• _Task objective_: An exact copy of every entry is needed here; the images stay out.

• _Data entries_:
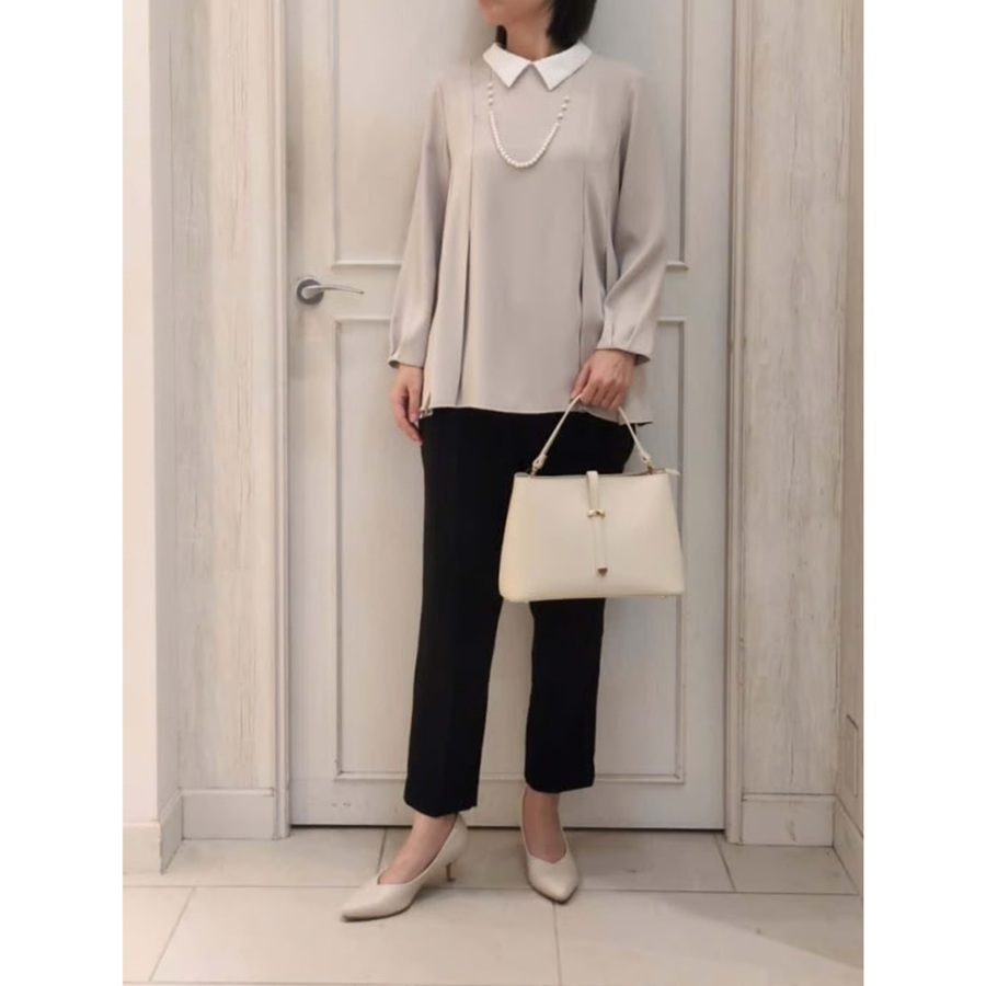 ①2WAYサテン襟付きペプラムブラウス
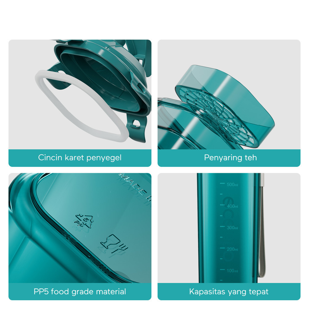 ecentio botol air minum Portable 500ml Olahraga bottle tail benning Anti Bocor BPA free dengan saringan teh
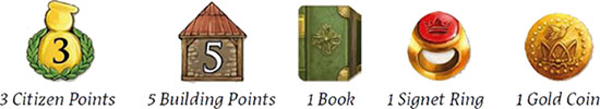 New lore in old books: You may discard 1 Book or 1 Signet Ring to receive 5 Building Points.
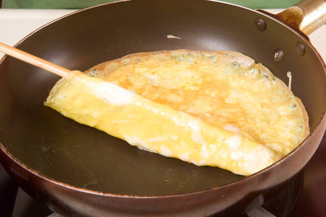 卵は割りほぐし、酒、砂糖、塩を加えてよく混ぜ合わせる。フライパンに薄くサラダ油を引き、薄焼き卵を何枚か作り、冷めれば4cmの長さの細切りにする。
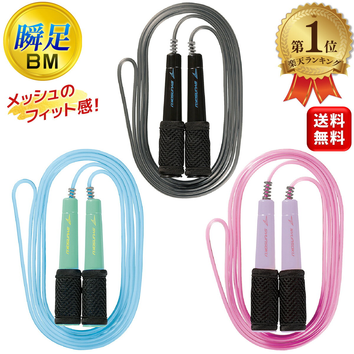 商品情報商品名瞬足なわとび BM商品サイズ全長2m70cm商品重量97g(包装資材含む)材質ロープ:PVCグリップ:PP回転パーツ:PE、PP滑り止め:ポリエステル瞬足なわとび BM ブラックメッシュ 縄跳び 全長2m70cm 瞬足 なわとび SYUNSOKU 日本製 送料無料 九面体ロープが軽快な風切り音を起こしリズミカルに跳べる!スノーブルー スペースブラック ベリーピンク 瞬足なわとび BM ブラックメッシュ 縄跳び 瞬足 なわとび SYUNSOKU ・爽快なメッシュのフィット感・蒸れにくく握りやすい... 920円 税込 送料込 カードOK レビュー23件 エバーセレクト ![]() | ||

• _Answer for this exercise_:
 ①2WAYサテン襟付きペプラムブラウス
 ecentio botol air minum Portable 500ml Olahraga bottle tail benning Anti Bocor BPA free dengan saringan teh
 New lore in old books: You may discard 1 Book or 1 Signet Ring to receive 5 Building Points.
 卵は割りほぐし、酒、砂糖、塩を加えてよく混ぜ合わせる。フライパンに薄くサラダ油を引き、薄焼き卵を何枚か作り、冷めれば4cmの長さの細切りにする。
 商品情報商品名瞬足なわとび BM商品サイズ全長2m70cm商品重量97g(包装資材含む)材質ロープ:PVCグリップ:PP回転パーツ:PE、PP滑り止め:ポリエステル瞬足なわとび BM ブラックメッシュ 縄跳び 全長2m70cm 瞬足 なわとび SYUNSOKU 日本製 送料無料 九面体ロープが軽快な風切り音を起こしリズミカルに跳べる!スノーブルー スペースブラック ベリーピンク 瞬足なわとび BM ブラックメッシュ 縄跳び 瞬足 なわとび SYUNSOKU ・爽快なメッシュのフィット感・蒸れにくく握りやすい... 920円 税込 送料込 カードOK レビュー23件 エバーセレクト ![]() | ||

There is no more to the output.